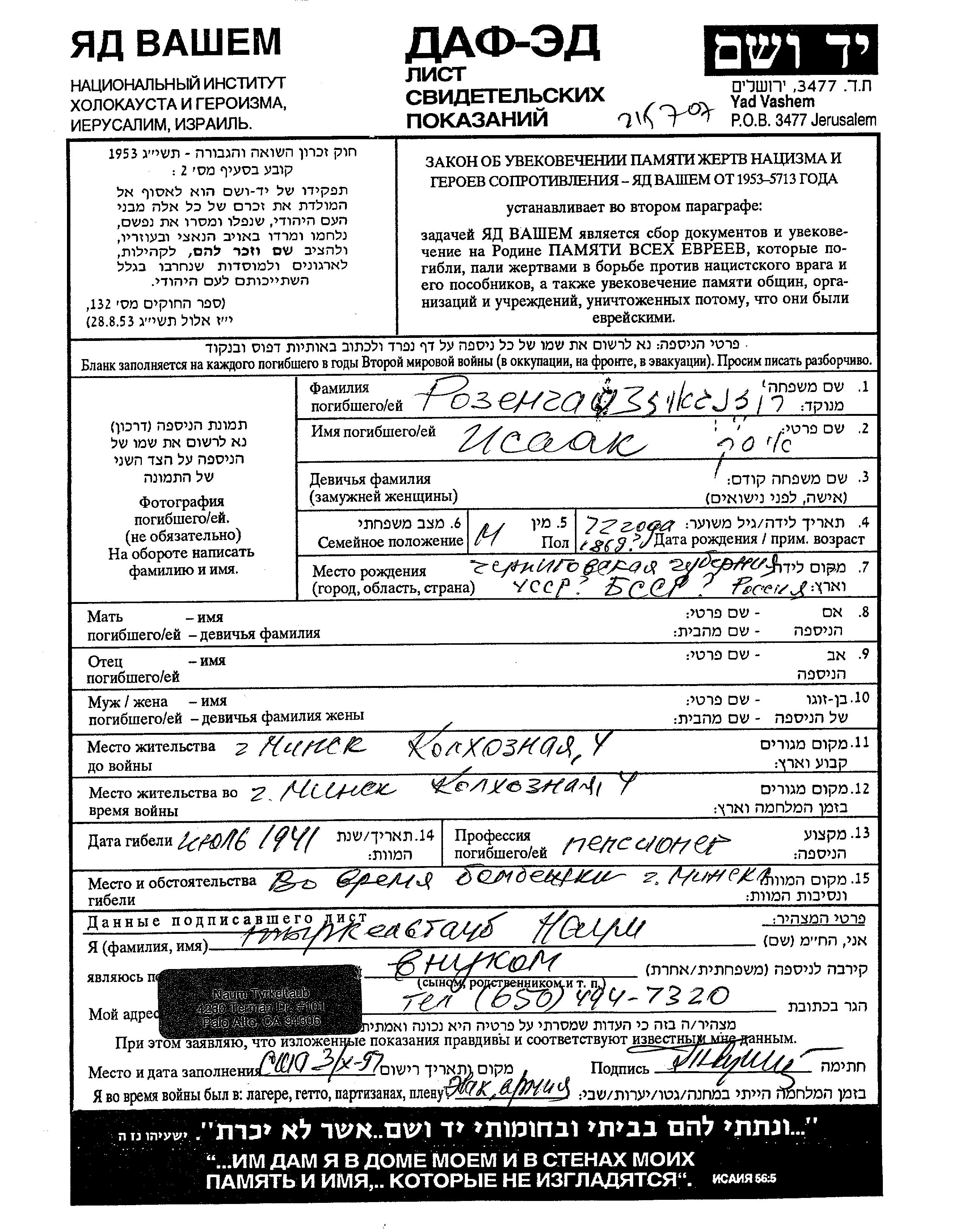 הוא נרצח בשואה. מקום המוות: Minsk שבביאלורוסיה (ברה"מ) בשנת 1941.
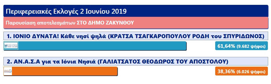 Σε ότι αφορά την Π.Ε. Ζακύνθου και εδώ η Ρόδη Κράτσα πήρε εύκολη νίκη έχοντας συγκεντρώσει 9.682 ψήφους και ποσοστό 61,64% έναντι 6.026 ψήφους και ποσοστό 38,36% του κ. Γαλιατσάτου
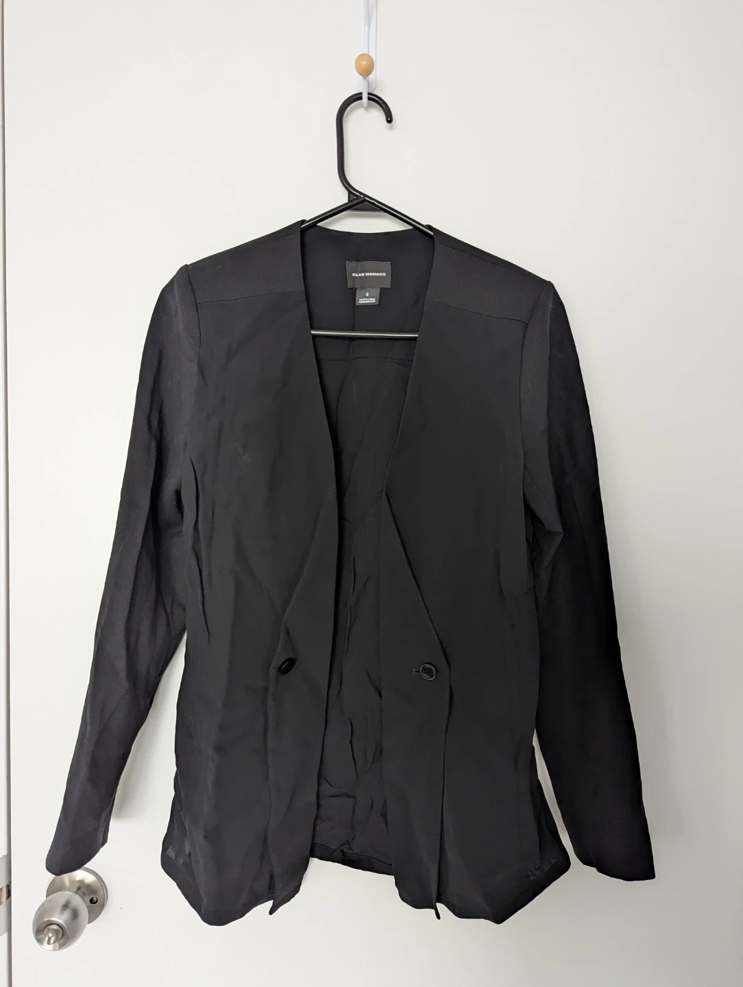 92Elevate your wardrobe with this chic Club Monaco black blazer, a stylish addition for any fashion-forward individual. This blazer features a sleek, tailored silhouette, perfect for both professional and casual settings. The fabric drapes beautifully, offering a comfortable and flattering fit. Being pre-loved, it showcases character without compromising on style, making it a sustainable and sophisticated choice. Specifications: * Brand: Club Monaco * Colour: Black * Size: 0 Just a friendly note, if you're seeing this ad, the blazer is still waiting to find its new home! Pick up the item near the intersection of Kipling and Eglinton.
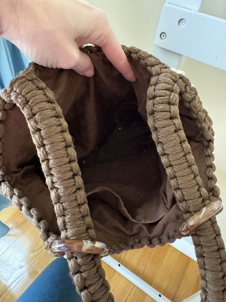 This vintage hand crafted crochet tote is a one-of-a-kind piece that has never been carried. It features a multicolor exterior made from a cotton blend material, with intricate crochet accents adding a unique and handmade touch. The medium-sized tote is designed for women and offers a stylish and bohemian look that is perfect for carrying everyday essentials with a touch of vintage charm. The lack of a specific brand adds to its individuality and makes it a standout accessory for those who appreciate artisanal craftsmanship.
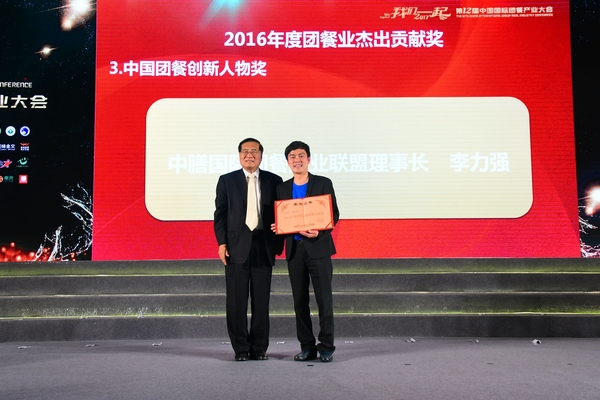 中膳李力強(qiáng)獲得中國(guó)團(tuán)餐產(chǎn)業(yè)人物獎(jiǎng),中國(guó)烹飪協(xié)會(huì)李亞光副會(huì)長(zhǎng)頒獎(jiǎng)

# [What this task involves]
Leave the images behind and write out every entry exactly.

# [Solved exercise]
 הוא נרצח בשואה. מקום המוות: Minsk שבביאלורוסיה (ברה"מ) בשנת 1941.
 Σε ότι αφορά την Π.Ε. Ζακύνθου και εδώ η Ρόδη Κράτσα πήρε εύκολη νίκη έχοντας συγκεντρώσει 9.682 ψήφους και ποσοστό 61,64% έναντι 6.026 ψήφους και ποσοστό 38,36% του κ. Γαλιατσάτου
 92Elevate your wardrobe with this chic Club Monaco black blazer, a stylish addition for any fashion-forward individual. This blazer features a sleek, tailored silhouette, perfect for both professional and casual settings. The fabric drapes beautifully, offering a comfortable and flattering fit. Being pre-loved, it showcases character without compromising on style, making it a sustainable and sophisticated choice. Specifications: * Brand: Club Monaco * Colour: Black * Size: 0 Just a friendly note, if you're seeing this ad, the blazer is still waiting to find its new home! Pick up the item near the intersection of Kipling and Eglinton.
 This vintage hand crafted crochet tote is a one-of-a-kind piece that has never been carried. It features a multicolor exterior made from a cotton blend material, with intricate crochet accents adding a unique and handmade touch. The medium-sized tote is designed for women and offers a stylish and bohemian look that is perfect for carrying everyday essentials with a touch of vintage charm. The lack of a specific brand adds to its individuality and makes it a standout accessory for those who appreciate artisanal craftsmanship.
 中膳李力強(qiáng)獲得中國(guó)團(tuán)餐產(chǎn)業(yè)人物獎(jiǎng),中國(guó)烹飪協(xié)會(huì)李亞光副會(huì)長(zhǎng)頒獎(jiǎng)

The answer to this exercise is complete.